В своей книге «Око разума» невролог Оливер Сак опиcывает необычный случай с его пациенткой Сью Берри, которая с годами научилась видеть окружающий мир в новой перспективе.
С детства у нее развился сильный стробизм (косоглазие), но операция поправила ее неровный взгляд и внешне все выглядело вполне благополучно. Так она жила ничего не подозревая до тех пор, пока уже в калледже проверяя зрение ей сказали что у нее отсутствует бинокулярное зрение. Ее мозг никогда не научился сопоставлять изображение с обоих глаз в одно объемное, трех-мерное изображение. Ее мозг выбирал между двумя перспективами – изображение одного глаза игнорируя другой. В результате окружающий мир представлялся для Сью плоским, как картина висящая на стене или телевизионный экран.
Обычно нормальное зрение – бинокулярное или стереоскопическое, когда ваш мозг объединяет увиденное каждым глазом.
Для Сью, как она считала, это не представлялось большой проблемой по сравнению с прошлым косоглазием потому, что она приспособилась оценивать глубину и расстояние другими способами. Единственно, она не всегда понимала возгласы окружающих «вау...» или «ух-ты...», когда находящиеся рядом с ней люди смотрели на изумительные природные пейзажи, величественные горы или огромные устрашающие ущелья...
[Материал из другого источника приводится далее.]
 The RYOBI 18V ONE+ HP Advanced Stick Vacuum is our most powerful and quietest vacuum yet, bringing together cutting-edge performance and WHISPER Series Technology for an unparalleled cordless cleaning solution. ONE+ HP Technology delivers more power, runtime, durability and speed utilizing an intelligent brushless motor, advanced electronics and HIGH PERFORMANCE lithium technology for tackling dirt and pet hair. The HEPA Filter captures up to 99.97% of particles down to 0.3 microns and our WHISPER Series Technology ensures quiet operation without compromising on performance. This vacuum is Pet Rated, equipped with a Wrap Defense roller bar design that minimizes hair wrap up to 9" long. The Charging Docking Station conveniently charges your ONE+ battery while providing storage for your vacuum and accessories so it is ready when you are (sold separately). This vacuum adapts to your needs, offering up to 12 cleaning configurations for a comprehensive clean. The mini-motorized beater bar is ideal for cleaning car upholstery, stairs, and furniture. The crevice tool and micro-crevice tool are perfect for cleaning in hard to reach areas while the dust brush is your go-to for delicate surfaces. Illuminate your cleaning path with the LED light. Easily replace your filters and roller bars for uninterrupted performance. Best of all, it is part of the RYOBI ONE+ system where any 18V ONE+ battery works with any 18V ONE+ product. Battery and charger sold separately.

Так продолжалось пока она не начала специальную терапию по коррекции зрения. Много месяцев она делала упражнения тренирующие ее глаза фокусироваться вместе, и казалось, что все усилия напрасны и мало что изменяют. Но вот однажды, после обеда, она села в свою машину, и была поражена увиденным – руль ее автомобиля как-то «странно» удалился от панельной доски... В течение нескольких последующих дней Сью познавала окружающий мир доселе неизвестным ей новым способом. Трава «подскочила» вверх от земли, цветы стали объемные а не плоские как на картине, виноград лежащий перед ней на столе как-бы приподнялся в воздухе над тарелкой. «Я совершенно себе не представляла, чего лишалась, говорила Сью. Обыкновенные вещи выглядели необыкновенно!
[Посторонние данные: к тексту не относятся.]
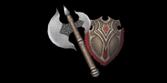 The axe and shield Aeon bears now draw out his power far more than the old weaponry that brought him so much false glory. His mind is ruled by beastly thoughts, and his ruthlessness knows no bounds; those unlucky enough to cross his path all fall dead from the vicious, red signature of his blade.[1][2]

Она писала: «Теперь я могу видеть расстояние между каждой снежинкой, которые вместе кружаться в вихре веселого танца. В прошлом, снег падал передо мной белой простыней; раньше, я просто наблюдала снегопад, а сейчас я вижу себя окруженной сверкающими снежинками. Впервые испытав это, я была охвачена неимоверным очарованием и радостью.»
«Я и Отец – Одно!»
Чем больше мы узнаем об Иисусе, когда серьезно исследуем Писание, тем яснее понимаем, что наши внутренние глаза нуждаются в подобном «бинокулярном зрении». Образ Христа, который мы получаем из Нового Завета должен совпадать и сливаться воедино с Небесным Отцом, Который открыл Себя в Ветхом Завете. Разве Господь не ясно провозгласил: «Я и Отец ОДНО!» (Ин. 10:30)
Очень часто наши внутренние глаза удерживают разделенное видение. Очень многие сегодня представляют себе что Иисус – это Господь, который любит грешников и поэтому пришел их спасти, а в контрасте им представляется строгий Ветхозаветний Бог-Отец.
Привычка разделять и противопоставлять жестокого Бога Израиля с любящим Христом пронизывает, к сожалению, всю христианскую историю.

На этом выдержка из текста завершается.